VOCES (alternando por grupos, en columnas cada vez renovadas, que prosiguen, y entre las que también se mezcla Jeremías sin ser notado).— Atravesamos tiempos, atravesamos naciones a lo largo de infinitas rutas de pesar, eternamente somos los infinitamente vencidos, siervos del hogar junto al cual descansamos, siervos bajos de servidumbre baja; pero las ciudades se derrumban, se escurren pueblos en la oscuridad cual estrellas que caen, y los que con dureza laceraban nuestras espaldas, perecen generación tras generación. Pero nosotros andamos, andamos, andamos adentrándonos más profundamente en la propia fuerza que de las tierras desentraña eternidades y de sus sufrimientos, a Dios.

EL CAPITÁN CALDEO.— Mira… mira… como danzarinas andan… una embriaguez ha venido sobre ellos. ¿Acaso no los hemos vencido?… ¿No están en la ignominia?… ¿Por qué no se lamentan?

UN CALDEO.— Debe haber un secreto en ellos que los transforma, algo invisible que los arroba…

OTRO CALDEO.— Sí… creen en lo invisible… éste es su secreto.

EL CAPITÁN CALDEO.— ¿Cómo puede verse lo invisible, cómo creer lo que no se ve?… Un misterio debe haber en ellos como en nuestros astrólogos… habría que aprenderlo de ellos.

EL CALDEO.— No se puede aprenderlo.
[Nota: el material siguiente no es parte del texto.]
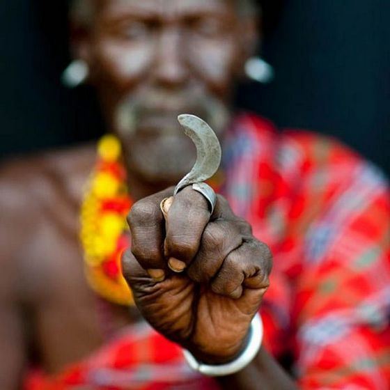 Ножом, который надевали на палец, пользовалось племя туркана. Внешне он похож на кольцо с восьмисантиметровой выступающей пластиной. Его изготавливали из алюминия и железа. Такое оружие использовали не только в бою, стараясь повредить глаза противника, но и в быту при приготовлении пищи, и даже в качестве зубочистки.

Sólo se puede creerlo, y dicen ellos que es su Dios.

LAS VOCES DE LOS QUE PARTEN (elevándose poderosamente, ahora que los últimos de ellos empiezan a marchar).— Recorremos el sagrado camino de nuestros pesares, de prueba y prueba a la purificación, los continuamente combatidos y vencidos, los eternamente trabados y eternamente salvados, los siempre y siempre despedazados y siempre de nuevo renovados, nosotros, juguete de todos los pueblos y escarnio, los únicos sin patria de la tierra, marchamos a todas las eternidades, los últimos que quedaron de infinita multitud, de regreso a Dios, que fue principio y origen de todos, hasta que Él mismo se nos transforme en hogar. Él mismo, sin descanso, como nosotros, con estrellas y años da vueltas al mundo y lo rodea luminoso, y totalmente nos deshacemos en lo invisible, pueblo perdido, espíritu inmortal.

EL CALDEO.— Observa cómo marchan. Sus pasos son los de un vencedor y hay claridad en sus miradas. Cuán grande debe ser su dios.

EL CAPITÁN CALDEO.— ¿Su dios? ¿No hemos destrozado sus altares? ¿No acabamos por ventura de vencerlo?

EL CALDEO.— No se puede vencer a lo invisible. Se puede matar a los hombres, pero no al dios que en ellos vive. Se puede dominar a un pueblo, pero jamás a su espíritu.

(La trompeta resuena por tercera vez. El sol se ha levantado sobre Jerusalén y brilla sobre el éxodo del pueblo que marcha de la ciudad a los tiempos).